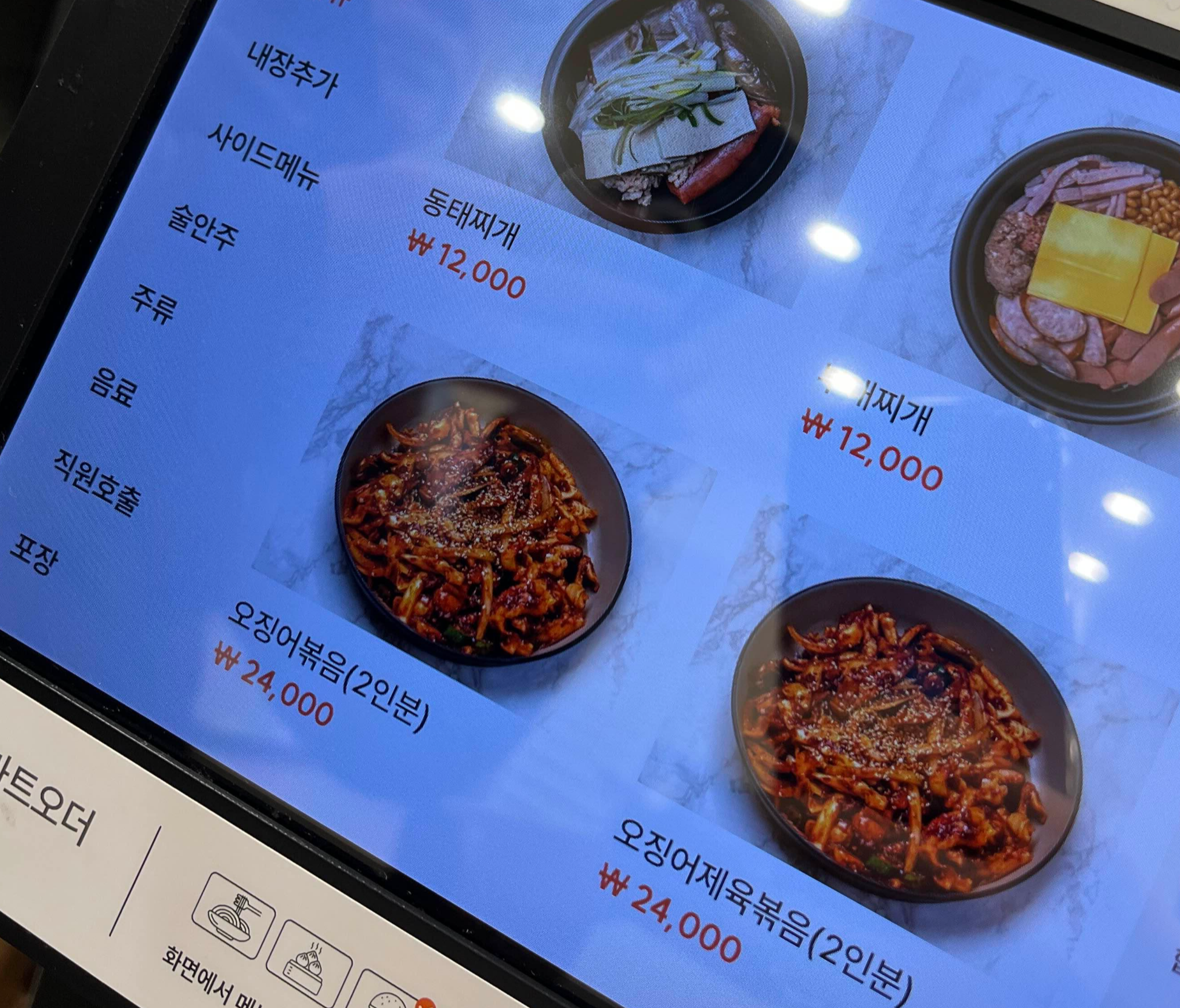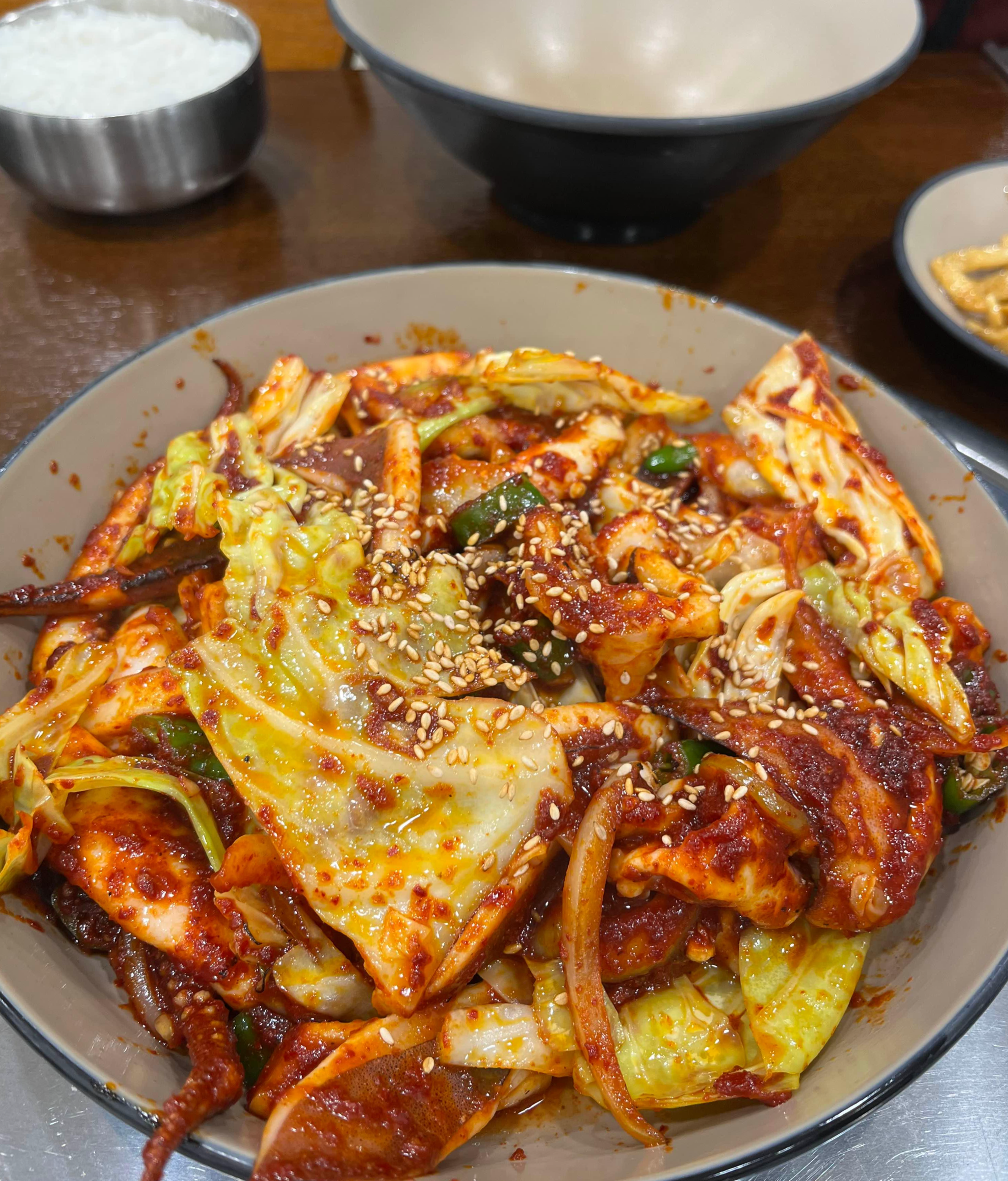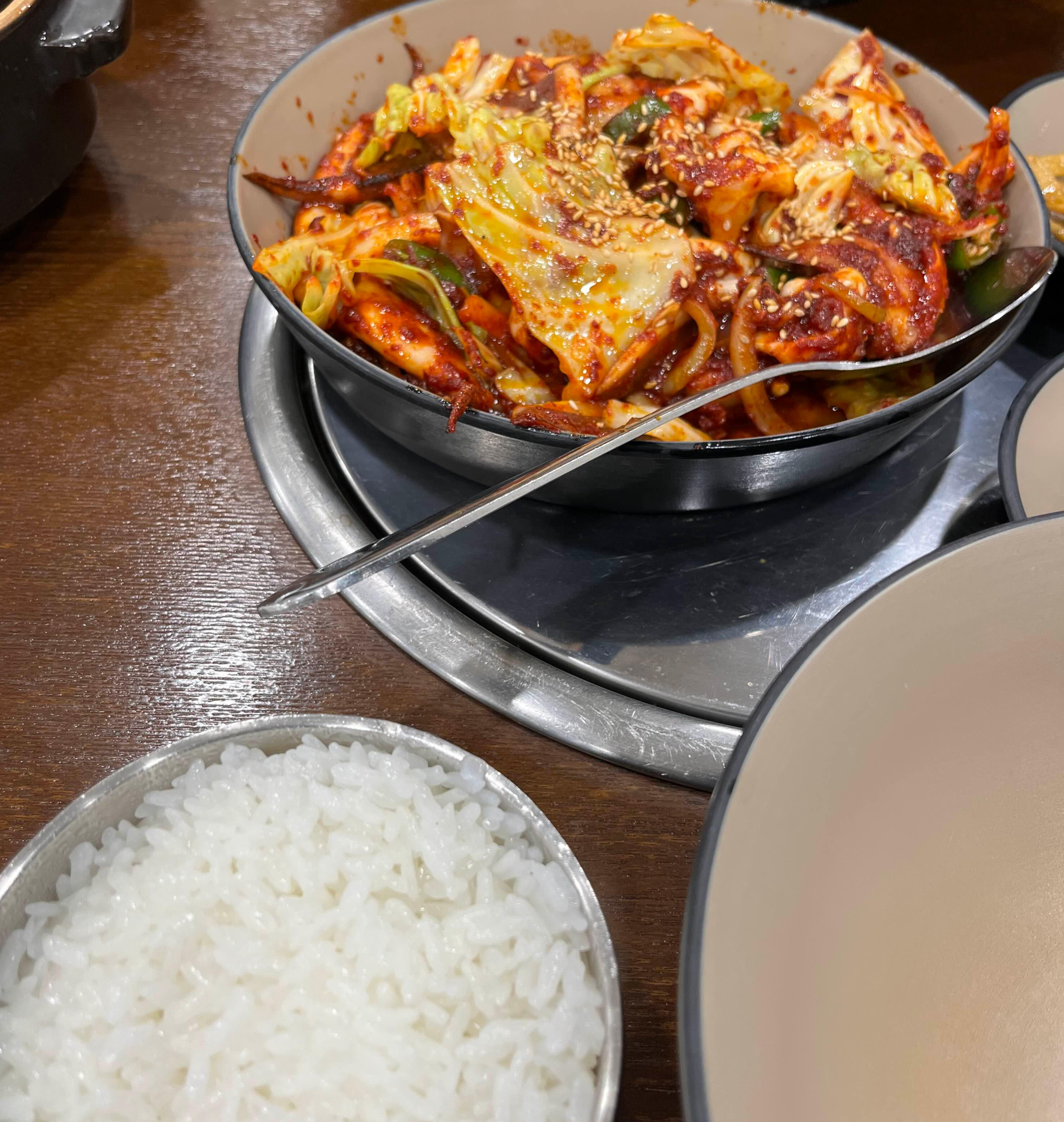 남편과 저는 오징어제육볶음을 먹을까, 그냥 오징어볶음을 먹을까 잠시 망설였는데요. 사장님께서 다가오시더니 오징어제육볶음은 재료가 소진되었다고 말씀해 주셔서 미련 없이 오징어볶음을 선택했습니다.
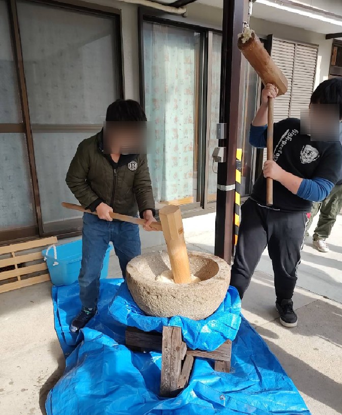 同時進行で、餅つき機を使って、のし餅も作ります。のし餅は、お雑煮用にカットして、持ち帰りできます。(名古屋のお雑煮には、角もちが入っています)
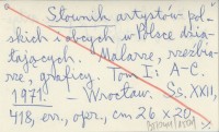 Słownik artystów polskich i obcych w Polsce działających. Malarze, rzeźbiarze, graficy. Tom I: A-C. 1971
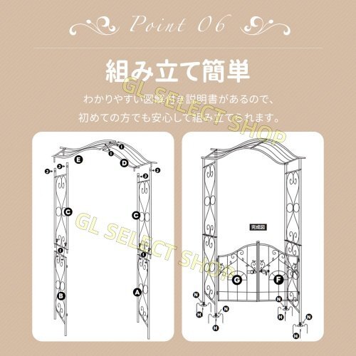 • ◎02 【優美な外観】独自のデザインは、優雅なラインが際立ち、現代的でありながらも、クラシックな魅力を感じさせます。立体的な小鳥と葉のデザインが施されたこのガーデンアーチは、優雅で華やかな雰囲気をお庭に加え、植物をより引き立てます。
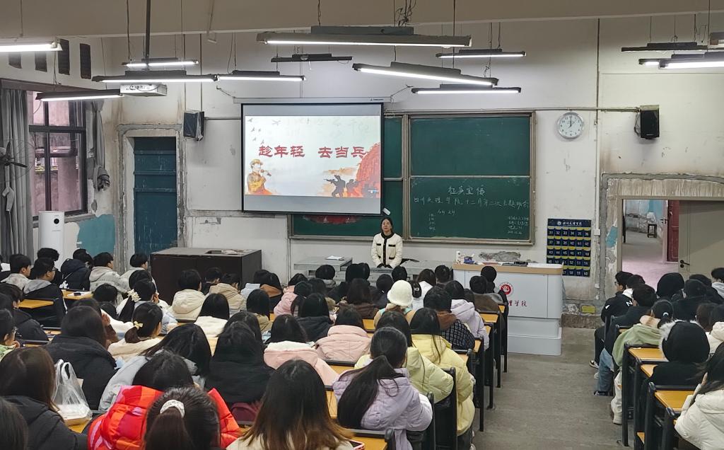 为深入贯彻落实征兵工作部署,激发广大青年参军报国的热情,增强同学们的国防意识和爱国情怀,2025年12月19日,太阳成集团tyc122ccvip组织各班级开展征兵宣传主题班会。
══════════════════════════════
* EXERCISE BRIEF
The required output is an exact copy of the lines from the start of the material above through the line containing "Słownik artystów polskich", inclusive, with no pictures in it.

* RESPONSE
 남편과 저는 오징어제육볶음을 먹을까, 그냥 오징어볶음을 먹을까 잠시 망설였는데요. 사장님께서 다가오시더니 오징어제육볶음은 재료가 소진되었다고 말씀해 주셔서 미련 없이 오징어볶음을 선택했습니다.
 同時進行で、餅つき機を使って、のし餅も作ります。のし餅は、お雑煮用にカットして、持ち帰りできます。(名古屋のお雑煮には、角もちが入っています)
 Słownik artystów polskich i obcych w Polsce działających. Malarze, rzeźbiarze, graficy. Tom I: A-C. 1971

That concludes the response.